The named plaintiffs in a putative class action must offer affirmative evidence—beyond just the allegations in their complaint—sufficient to satisfy each of the elements of Federal Rule of Civil Procedure 23. Among other things, they must show that there are questions of law or fact common to the class, and the claims or defenses of the named plaintiffs are typical of the claims or defenses of the class. To gather evidence to make these showings, the named plaintiffs are entitled to conduct discovery of the defendant, and they also are subject to discovery by the defendant.

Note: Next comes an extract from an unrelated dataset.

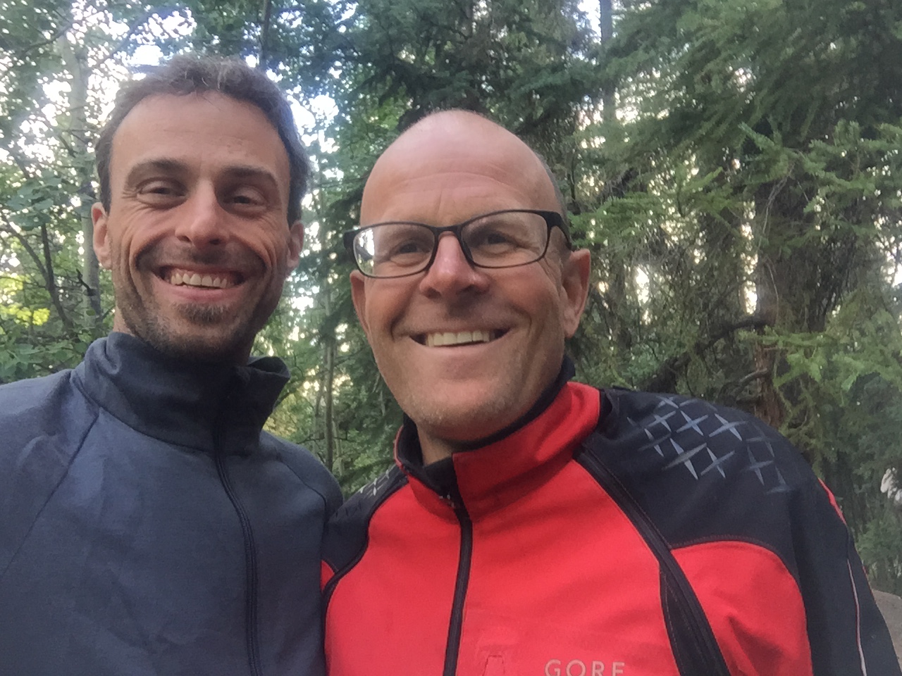Der Schlaf bis 08:00h hat gut getan. Ich merke die Anstrengung aber sehr deutlich. Ja 20 war mal, jetzt 36, graue Haare und Muskelkater. Ich habe Zeit und mache mir Kaffee. Mein Vis-a-Vis Nachbar sitzt auf dem Bank neben seinem Zelt und sieht dabei weder fit noch besonders zufrieden aus. Lustig, er hat dieselbe Jacke wie ich. Ich rufe ob er auch einen Kaffee haben möchte, den Brenner habe ich ja eh schon in Betrieb. Er lässt es sich nicht zweimal sagen, sitzt ab und fragt sehr schnell woher ich bin. Standardfrage, Standardantwort, from Switzerland.

Sometimes, however, a defendant seeks discovery not only of the named plaintiffs, but also of other members of the putative class—i.e., individuals who fall within the class definition, but who did not elect to join the lawsuit, may not even know about the lawsuit, and may not even know that they may have been wronged by the defendant. In such circumstances, courts must address the extent to which such absent class members should be subjected to discovery.

Southern District Judge Lewis J. Liman recently addressed this issue in Fishon v. Peloton Interactive, 2020 WL 4284154 (S.D.N.Y. July 27, 2020). In Fishon, Liman concluded that, under the specific circumstances of this case, the defendant’s need for discovery from absent class members outweighed the burden that the discovery would impose on the absent class members, and he therefore authorized it.